Electronic mail and Internet access are essential features of Aether's system, but the big target is connecting corporate America to mobile workers, replacing telephone modems with wireless devices such as the Palm Pilot. Another big investor in Aether is 3Com Corp., which makes the Palm pilots, but the company is committed to communicating with all competing machines as well.

The closest thing to a direct competitor is Phone.com, a California company that makes the system used on the Internet phones sold by Sprint. Since Phone.com went public June 11 at $16, its stock has blasted to $229.25 as of the close of trading Friday.

Just as investors looked at the performance of Proxicom stock and speculated that the same thing could happen to Cysive, they're betting that Aether could follow Phone.com.

Aether's IPO began trading last Thursday and tripled on the first day, up from $16 a share to $48.81 1/4. Not surprisingly, the stock pulled back Friday, closing down $4.43 1/4 at $44.

Though Aether plays a similar role as Cysive, Proxicom and AppNet, it is a much younger company. Unlike the many start-ups that emphasize generating revenue without regard to profit, Cysive, Proxicom and AppNet make money.

Aether founder Oros's comment that "this is not a revenue story" is a considerable understatement. Aether's revenue in the first half of this year was a mere $787,000 and only $598,000 of that came from the few thousand customers of the data and trading services it runs for Reuters, Morgan Stanley Dean Witter and other clients.

A resonably good restaurant or a decent dress shop would serve as many customers in six months and could easily ring up more sales than Aether.
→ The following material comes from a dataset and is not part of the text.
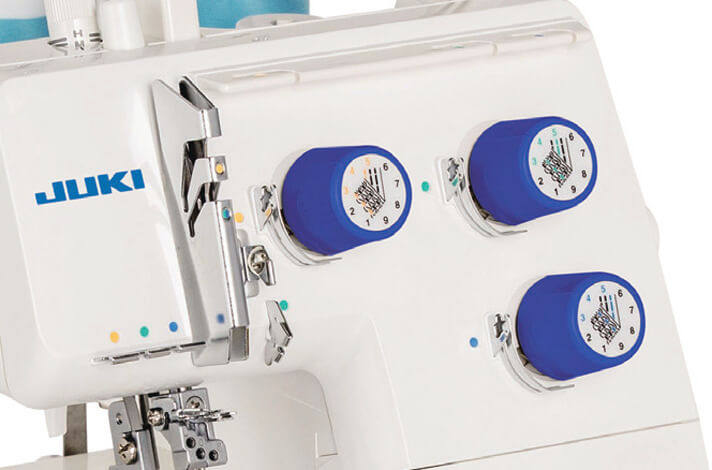 Die Fadenspannung bei der JUKI Coverlock MCS-1800 ist einfach zu bedienen. Die Coverlock Maschine hat für die Greifer- und Nadelfäden übersichtliche Drehknöpfe wo sogar markiert ist, für welchen Faden jeder Knopf zuständig ist. Sogar die Grundeinstellungen sind darauf hervor gehoben.
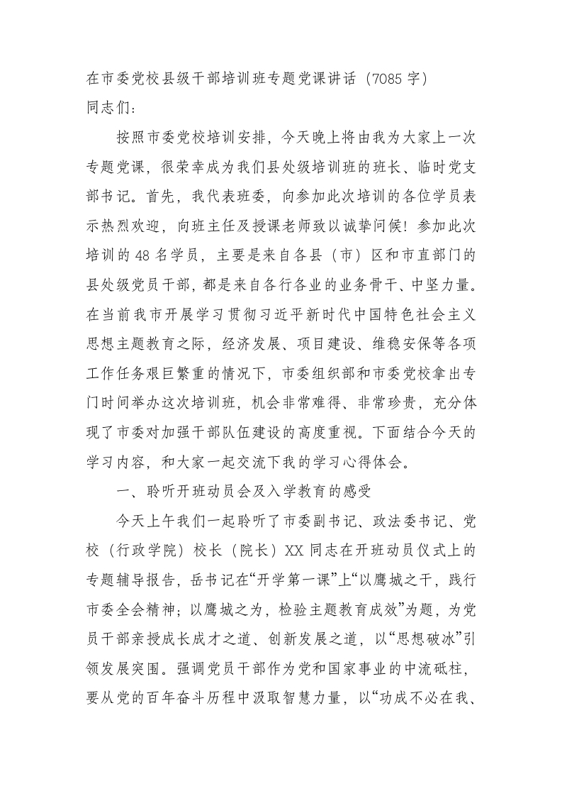 / 在市委党校县级干部培训班专题党课讲话

Yet Aether is valued by Wall Street at more than $1.1 billion, based on the total value of all its outstanding stock as of the close of Friday's trading. Cysive's market capitalization stands at $523 million, AppNet's $1.76 billion and Proxicom's rounds off to $2 billion.

Those may sound like Internet valuations from the olden days -- circa 1998.
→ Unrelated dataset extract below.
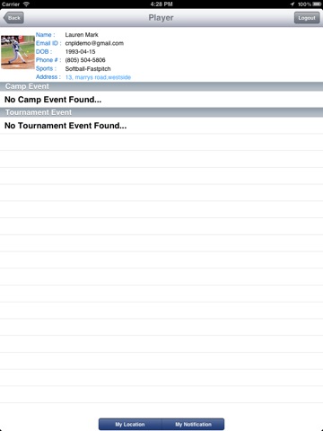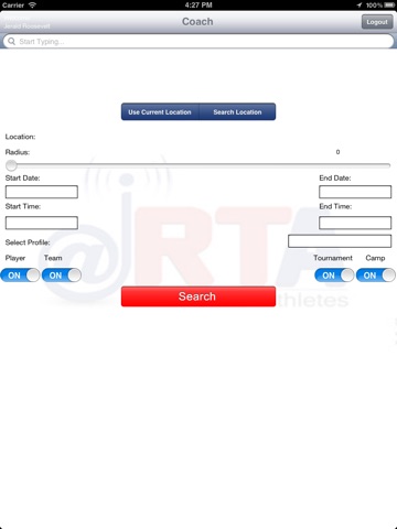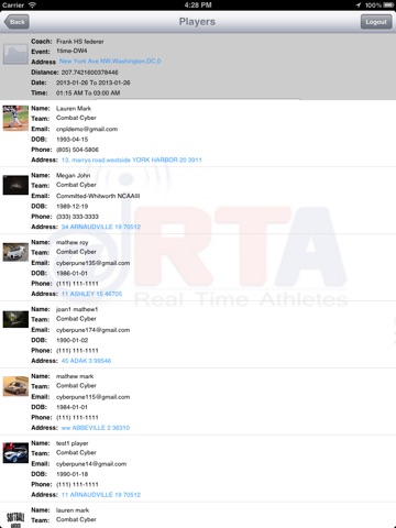 RealtimeAthletes recruiting for softball players. Collegecoach can search for players with different search parameters in realtime basis using GPS location, date, time and other player criteria. Players can set their current location in real-time basis and check into events so that they can be found in search.
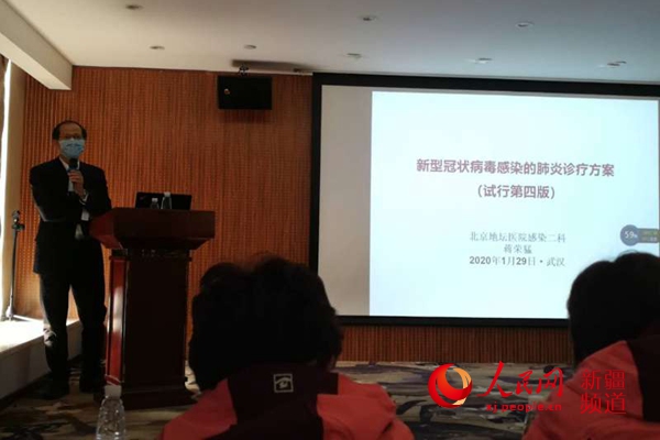 人民網烏魯木齊1月30日電(陳新輝)“做好自身防護才能消滅敵人,今天培訓的知識和要點我們都要熟記于心,熟練運用到抗擊新型冠狀病毒感染的肺炎的戰役中,早日幫湖北的親人打贏這場疫情防控戰! 1月29日,北京地壇醫院蔣榮猛教授和中南大學湘雅醫院吳安華教授為新疆援鄂醫務人員進行了理論培訓。聽完課程后,新疆醫科大學第二附屬醫院重癥醫學科主任文進就拉著隊員們開始實操培訓,早點培訓合格,早點進入真正的抗疫戰場。

But this year's hot tech companies are different from Amazon.com and so many Internet merchants and services. Those companies with inflated -- or formerly inflated -- stock prices operate under business plans that call for generating as much revenue as possible without regard to profits. Their mission is to build a base of customers, then concentrate on making money.

No one on the Net, certainly not Amazon.com Inc., has demonstrated that the "if you build it, profits will come" model actually works. Doubts about that concept are one factor behind the depressed stocks of so many Net companies in the region. Shares of Value America Inc., MusicMaker.Com, CareerBuilder Inc., Online Resources & Communications Corp., OneMain.Com and CAIS Internet Inc. are all down sharply from their offering prices.

Those companies from the previous generation of hot tech stocks have burned a lot of investors. They're still eager to bet on the Net, but they're a lot more comfortable putting their money into companies that have proven they can do something, such as Proxicom, AppNet, Cysive and Aether.

Maybe Internet investors are finally wising up.